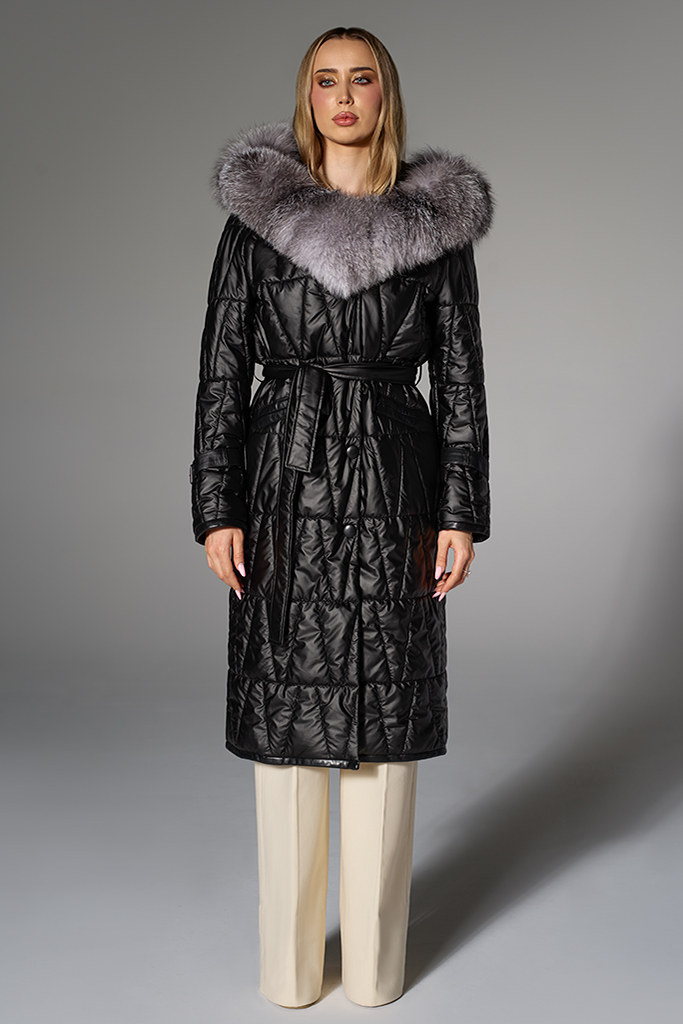 Confecționată din fâș de calitate superioară, în nuanță elegantă de negru, geaca este completată de o glugă amplă, căptușită cu blană naturală de vulpe Frost, care adaugă volum, căldură și un plus de rafinament fiecărei ținute. Contrastul subtil dintre luciul fâșului și textura bogată a blănii evidențiază detaliile premium și conferă o apariție sofisticată și actuală.
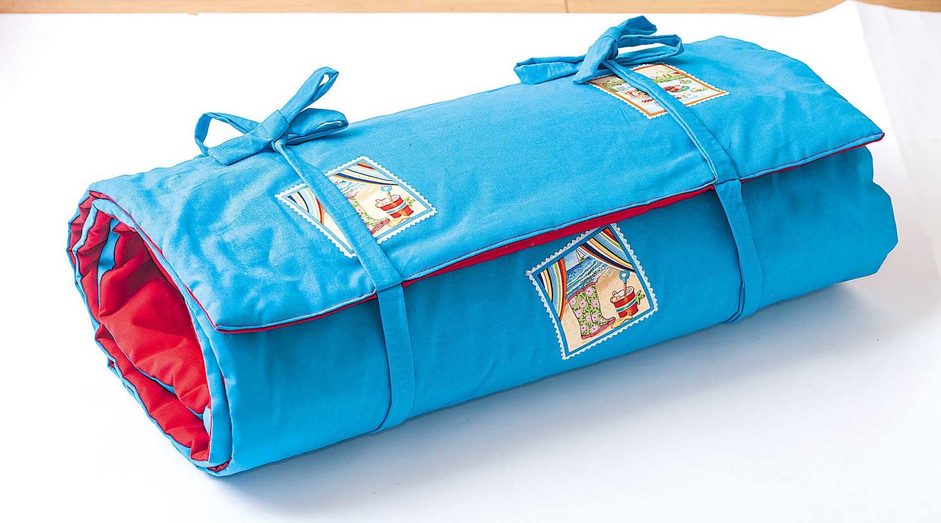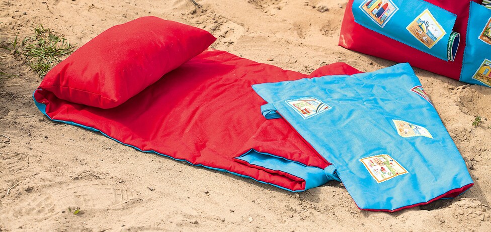 The large beach sheet with the sewn-in pillow can be fastened with the ribbons to form a handy roll that even fits into the large, self-stitched beach bag. The cut is so simple that even sewing beginners can rework it. So nothing stands in the way of a great bathing day.
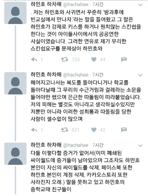 A 씨는 뒤늦게 하민호에 대해 폭로하는 이유에 대해서는 "연예계에 관심이 없으며 프로듀스101 관련 글이 리트윗이 되며 하민호가 해당 프로그램에 출연하고 있는 사실을 알게 됐다"며 "하민호 본인인지 확인하는 시간을 가졌고, 증명하기 위한 증거들을 찾아보느라 오랜 시간이 걸렸기 때문이다"고 덧붙였다.
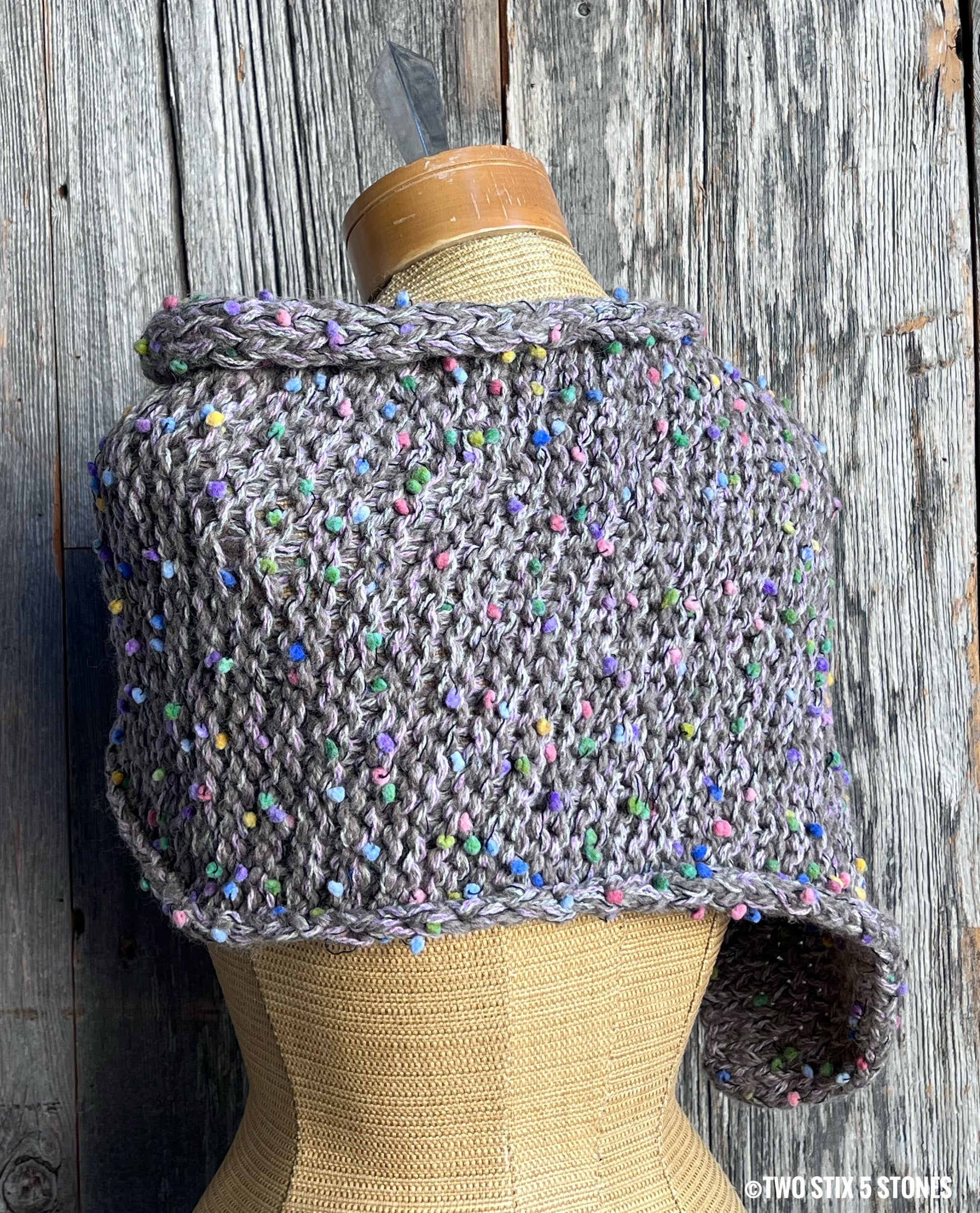 This handknit piece is designed to be asymmetrical for a wow factor. The fabric is dense and drapes nicely on the body.
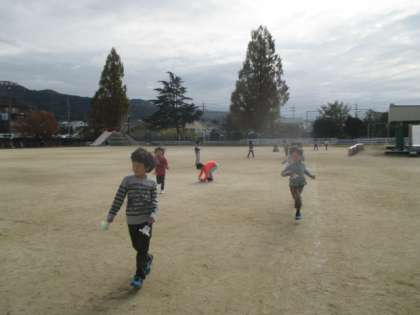 図工で作った作品を外に持ち出して,風を感じながらみんなで走っているところです。
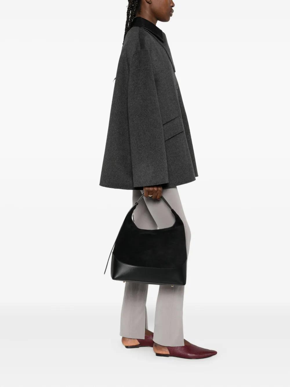 black suede leather leather panel single top handle top zip fastening adjustable strap
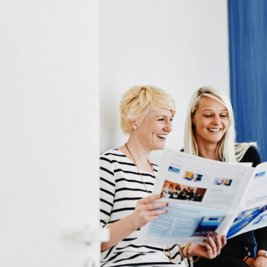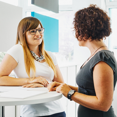 Und falls du dich fragst, was du zum Bewerbungsgespräch anziehen sollst – bei uns gilt die Devise Business Casual. Wenn du dich in einem Anzug oder Kostüm wohlfühlst, zieh dies gerne an. Hemd und Sakko ohne Krawatte reichen aber genauso aus wie Bluse und Rock bzw. Hose.
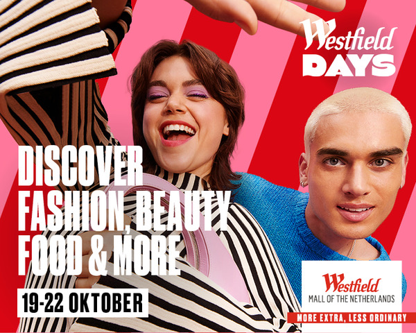 Westfield Mall of The Netherlands combineert het beste op het gebied van lifestyle, fashion, food, entertainment en beauty op het allerhoogste niveau en viert dit van donderdag 19 tot en met zondag 22 oktober tijdens Westfield Days. Zo wordt er een heuse tv-studio op central plaza gebouwd waar u onder andere kunt deelnemen aan een modellencasting, live make-up masterclasses bekijkt van Olcay Gulsen en u kunt racen tegen voormalig F1-coureur Robert Doornbos.
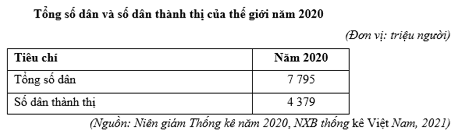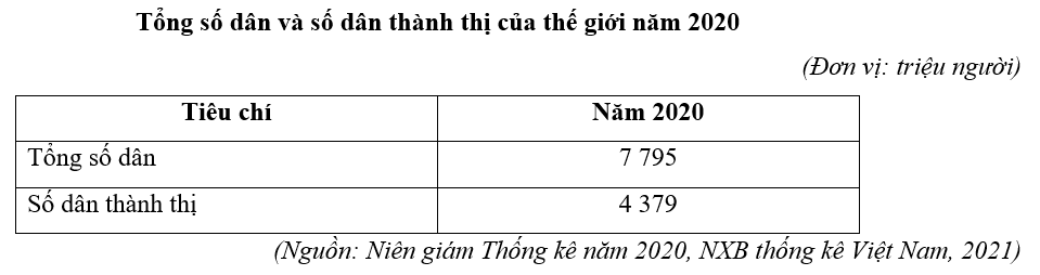 Căn cứ vào bảng số liệu trên, cho biết tỉ lệ dân số thành thị của thế giới năm 2020 là bao nhiêu % (làm tròn kết quả đến một chữ số thập phân).
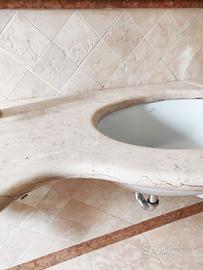 Mobile bagno in marmo perlino rosato. Il mobile è composto da due lavabi completi di rubinetteria e sifoni. Tutti gli elementi sono in ottime condizioni. Dimensioni lunghezza 149,5cm profondità 50cm

+---+

• Task
Give back the records above exactly. Pictures stay out.

• Answer box
 Confecționată din fâș de calitate superioară, în nuanță elegantă de negru, geaca este completată de o glugă amplă, căptușită cu blană naturală de vulpe Frost, care adaugă volum, căldură și un plus de rafinament fiecărei ținute. Contrastul subtil dintre luciul fâșului și textura bogată a blănii evidențiază detaliile premium și conferă o apariție sofisticată și actuală.
 The large beach sheet with the sewn-in pillow can be fastened with the ribbons to form a handy roll that even fits into the large, self-stitched beach bag. The cut is so simple that even sewing beginners can rework it. So nothing stands in the way of a great bathing day.
 A 씨는 뒤늦게 하민호에 대해 폭로하는 이유에 대해서는 "연예계에 관심이 없으며 프로듀스101 관련 글이 리트윗이 되며 하민호가 해당 프로그램에 출연하고 있는 사실을 알게 됐다"며 "하민호 본인인지 확인하는 시간을 가졌고, 증명하기 위한 증거들을 찾아보느라 오랜 시간이 걸렸기 때문이다"고 덧붙였다.
 This handknit piece is designed to be asymmetrical for a wow factor. The fabric is dense and drapes nicely on the body.
 図工で作った作品を外に持ち出して,風を感じながらみんなで走っているところです。
 black suede leather leather panel single top handle top zip fastening adjustable strap
 Und falls du dich fragst, was du zum Bewerbungsgespräch anziehen sollst – bei uns gilt die Devise Business Casual. Wenn du dich in einem Anzug oder Kostüm wohlfühlst, zieh dies gerne an. Hemd und Sakko ohne Krawatte reichen aber genauso aus wie Bluse und Rock bzw. Hose.
 Westfield Mall of The Netherlands combineert het beste op het gebied van lifestyle, fashion, food, entertainment en beauty op het allerhoogste niveau en viert dit van donderdag 19 tot en met zondag 22 oktober tijdens Westfield Days. Zo wordt er een heuse tv-studio op central plaza gebouwd waar u onder andere kunt deelnemen aan een modellencasting, live make-up masterclasses bekijkt van Olcay Gulsen en u kunt racen tegen voormalig F1-coureur Robert Doornbos.
 Căn cứ vào bảng số liệu trên, cho biết tỉ lệ dân số thành thị của thế giới năm 2020 là bao nhiêu % (làm tròn kết quả đến một chữ số thập phân).
 Mobile bagno in marmo perlino rosato. Il mobile è composto da due lavabi completi di rubinetteria e sifoni. Tutti gli elementi sono in ottime condizioni. Dimensioni lunghezza 149,5cm profondità 50cm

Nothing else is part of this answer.